## YOUR INSTRUCTIONS
All the records that follow need to be reproduced exactly. Omit the images.
---+---
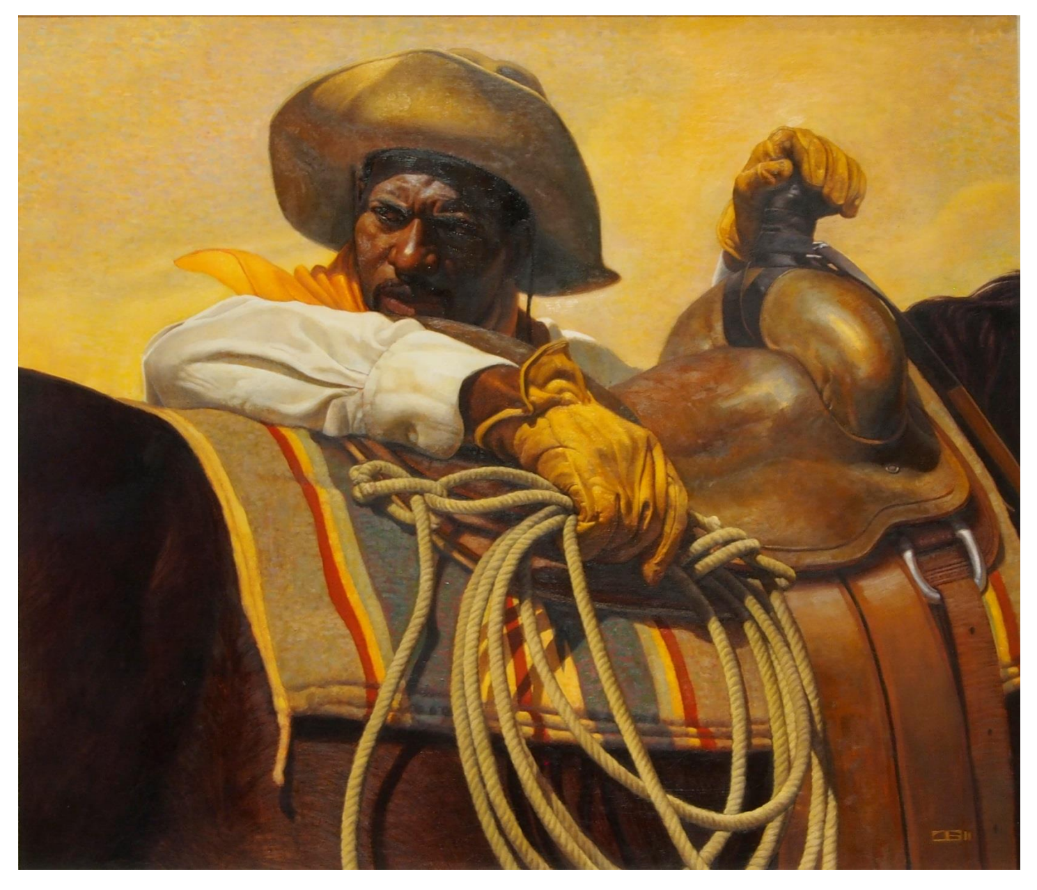
Thomas Blackshear, Now What?, 2008, oil on canvas, 24 x 37 x 2"
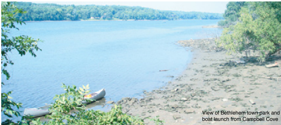
View of Bethlehem town park and boat launch from Campbell Cove
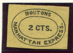
FORGERY B TAYLOR - FORM AB 1 2¢ BLACK ON YELLOW (17L1)

The Taylor stamps can be divided into variations based on the flaws they have. One of the flaws is a break through the top of the inner oval, which extends into the "U" of "BOUTON'S". This flaw appears on the stamps in forms AB 1 and AB 17 . Other possible flaws are an underscore between the "TT" of "MANHATTAN", and a curved line outside the top-right side of the outer border.
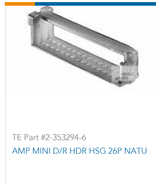
TE Part #2-353294-6 AMP MINI D/R HDR HSG 26P NATU
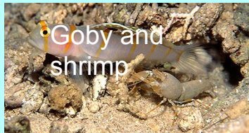
Goby and shrimp
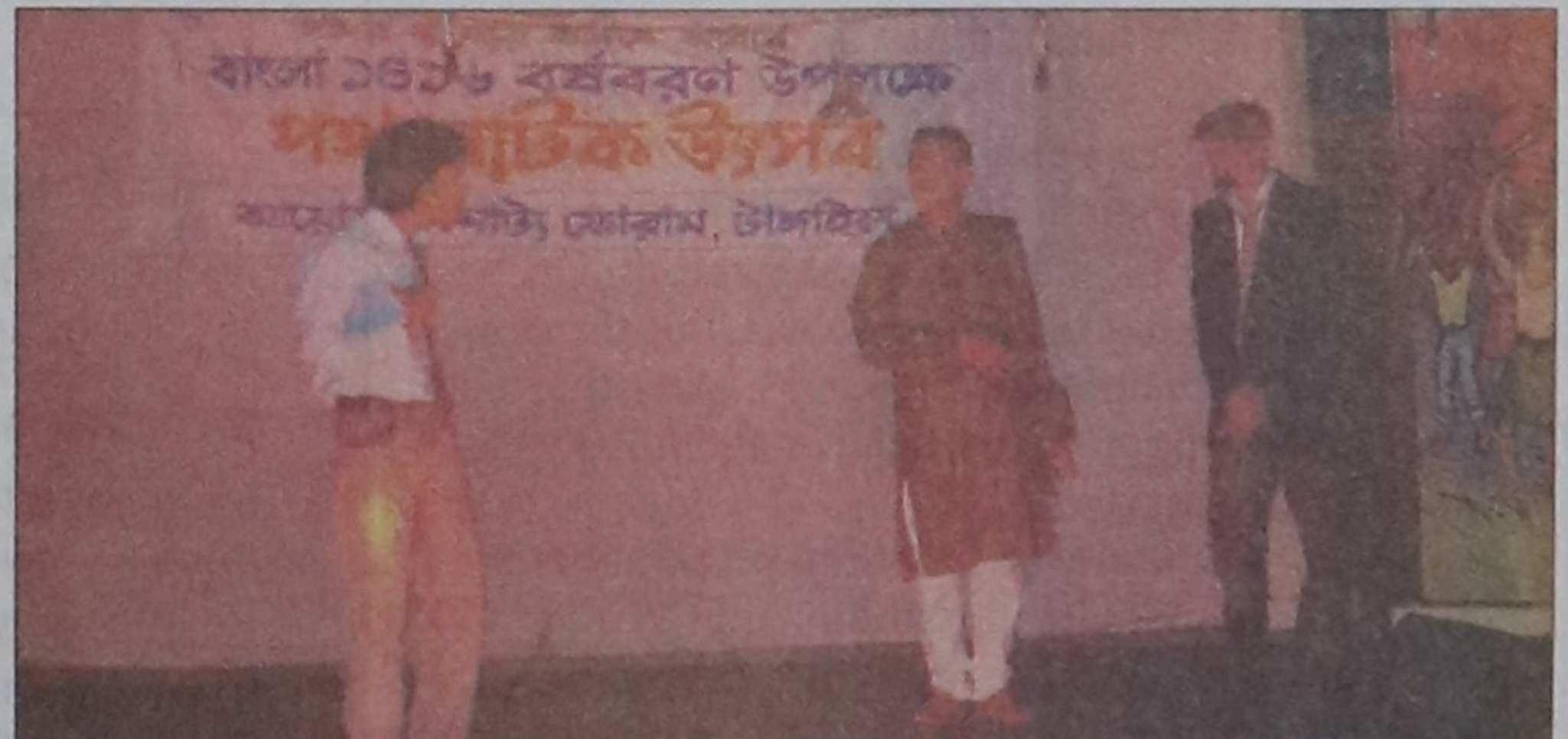
A scene from "Panta Akalee" staged on the inaugural day.
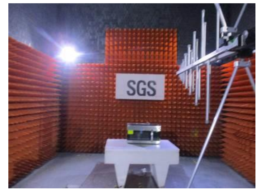
Radiated Emissions (30MHz-1GHz) Test Setup

Conducted Emissions at Mains Terminals (150kHz-30MHz) Test Setup
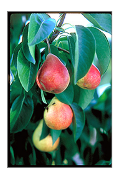
Summercrisp Pear fruit

Summercrisp Pear is clothed in stunning clusters of white flowers with purple anthers along the branches in mid spring. It has dark green deciduous foliage. The glossy oval leaves turn an outstanding burgundy in the fall. The fruits are showy chartreuse pears with a red blush, which are carried in abundance in late summer. The fruit can be messy if allowed to drop on the lawn or walkways, and may require occasional clean-up.
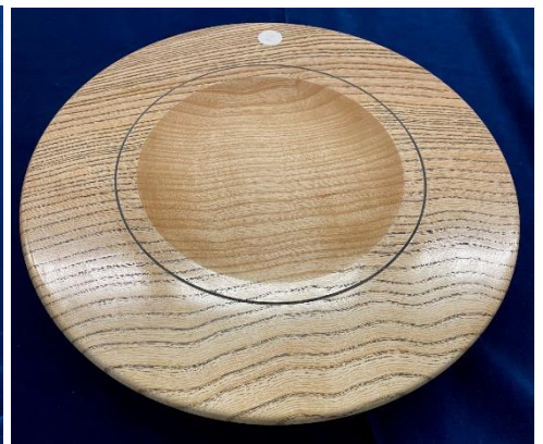
3 rd Alan Brooks
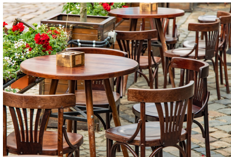
The Fresco Kitchen restaurant is closer.
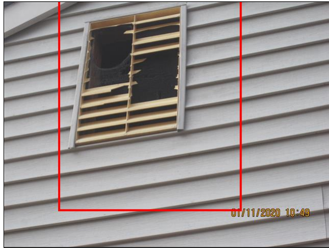
2.5 Item 2(Picture)

The exterior of the home was inspected and reported on with the above information. While the inspector makes every effort to find all areas of concern, some areas can go unnoticed. Please be aware that the inspector has your best interest in mind. Any repair items mentioned in this report should be considered before purchase. It is recommended that qualified contractors be used in your further inspection or repair issues as it relates to the comments in this inspection report.
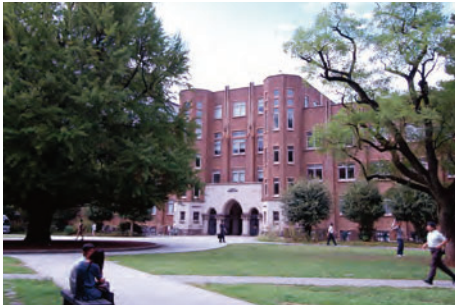
Civil Engineering Building

gives you opportunities to gather with a Japanese host family to learn more about Japanese culture.
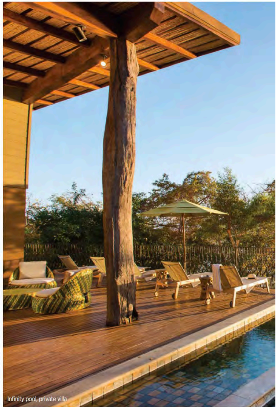
Infinity pool, private villa

When it comes time to drop the forest bathing for a while and actually get some exercise, there are eco-adventure decisions to be made. We have our choice of hikes in the volcanos, dips in the hot springs, ziplining and ATVing, horseback riding and sanctuary visits (cue even more exotic critters). Across the bay and down the coast lies an abundance of beach towns to explore, little local enclaves filled with condos to rent, plus beach bars and boat tours. As you can imagine, the watersports are pretty cool, with snorkelling and diving adventure aplenty. The nearby marina is busy with yacht traffic and I chastise myself that I left the binoculars at home.
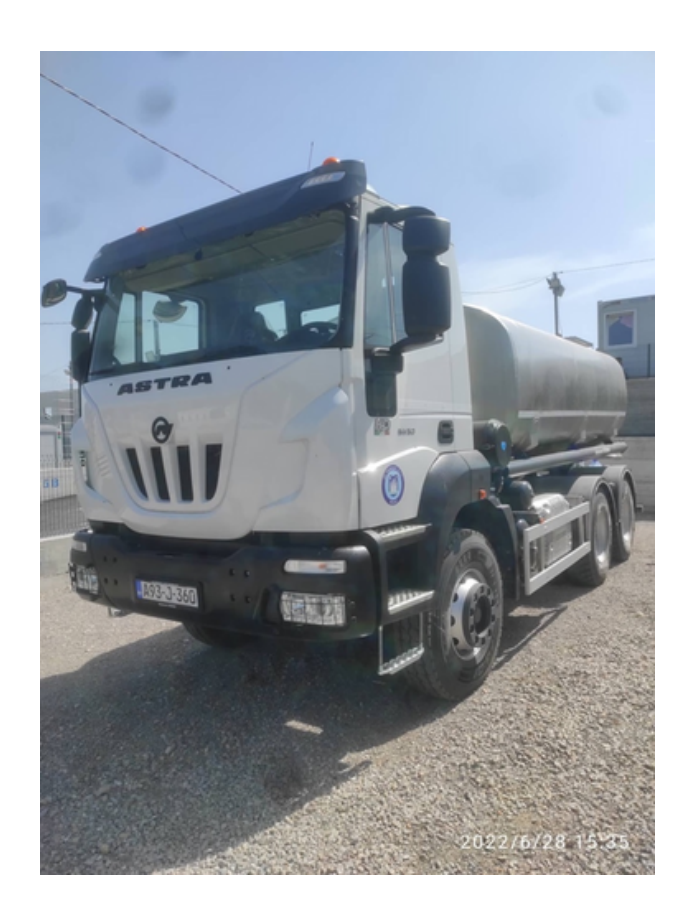
Image Description: cistern truck delivering water at Lipa camp
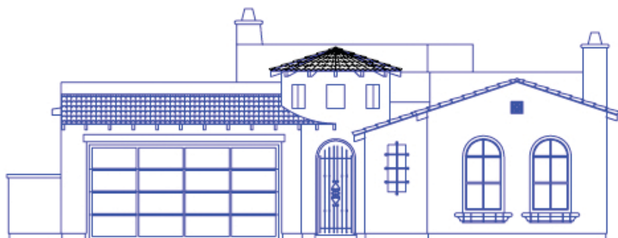
PLAN FIVE SQ. FT. AREAS
---+---
## TASK RESULT
Thomas Blackshear, Now What?, 2008, oil on canvas, 24 x 37 x 2"
View of Bethlehem town park and boat launch from Campbell Cove
FORGERY B TAYLOR - FORM AB 1 2¢ BLACK ON YELLOW (17L1)

The Taylor stamps can be divided into variations based on the flaws they have. One of the flaws is a break through the top of the inner oval, which extends into the "U" of "BOUTON'S". This flaw appears on the stamps in forms AB 1 and AB 17 . Other possible flaws are an underscore between the "TT" of "MANHATTAN", and a curved line outside the top-right side of the outer border.
TE Part #2-353294-6 AMP MINI D/R HDR HSG 26P NATU
Goby and shrimp
A scene from "Panta Akalee" staged on the inaugural day.
Radiated Emissions (30MHz-1GHz) Test Setup

Conducted Emissions at Mains Terminals (150kHz-30MHz) Test Setup
Summercrisp Pear fruit

Summercrisp Pear is clothed in stunning clusters of white flowers with purple anthers along the branches in mid spring. It has dark green deciduous foliage. The glossy oval leaves turn an outstanding burgundy in the fall. The fruits are showy chartreuse pears with a red blush, which are carried in abundance in late summer. The fruit can be messy if allowed to drop on the lawn or walkways, and may require occasional clean-up.
3 rd Alan Brooks
The Fresco Kitchen restaurant is closer.
2.5 Item 2(Picture)

The exterior of the home was inspected and reported on with the above information. While the inspector makes every effort to find all areas of concern, some areas can go unnoticed. Please be aware that the inspector has your best interest in mind. Any repair items mentioned in this report should be considered before purchase. It is recommended that qualified contractors be used in your further inspection or repair issues as it relates to the comments in this inspection report.
Civil Engineering Building

gives you opportunities to gather with a Japanese host family to learn more about Japanese culture.
Infinity pool, private villa

When it comes time to drop the forest bathing for a while and actually get some exercise, there are eco-adventure decisions to be made. We have our choice of hikes in the volcanos, dips in the hot springs, ziplining and ATVing, horseback riding and sanctuary visits (cue even more exotic critters). Across the bay and down the coast lies an abundance of beach towns to explore, little local enclaves filled with condos to rent, plus beach bars and boat tours. As you can imagine, the watersports are pretty cool, with snorkelling and diving adventure aplenty. The nearby marina is busy with yacht traffic and I chastise myself that I left the binoculars at home.
Image Description: cistern truck delivering water at Lipa camp
PLAN FIVE SQ. FT. AREAS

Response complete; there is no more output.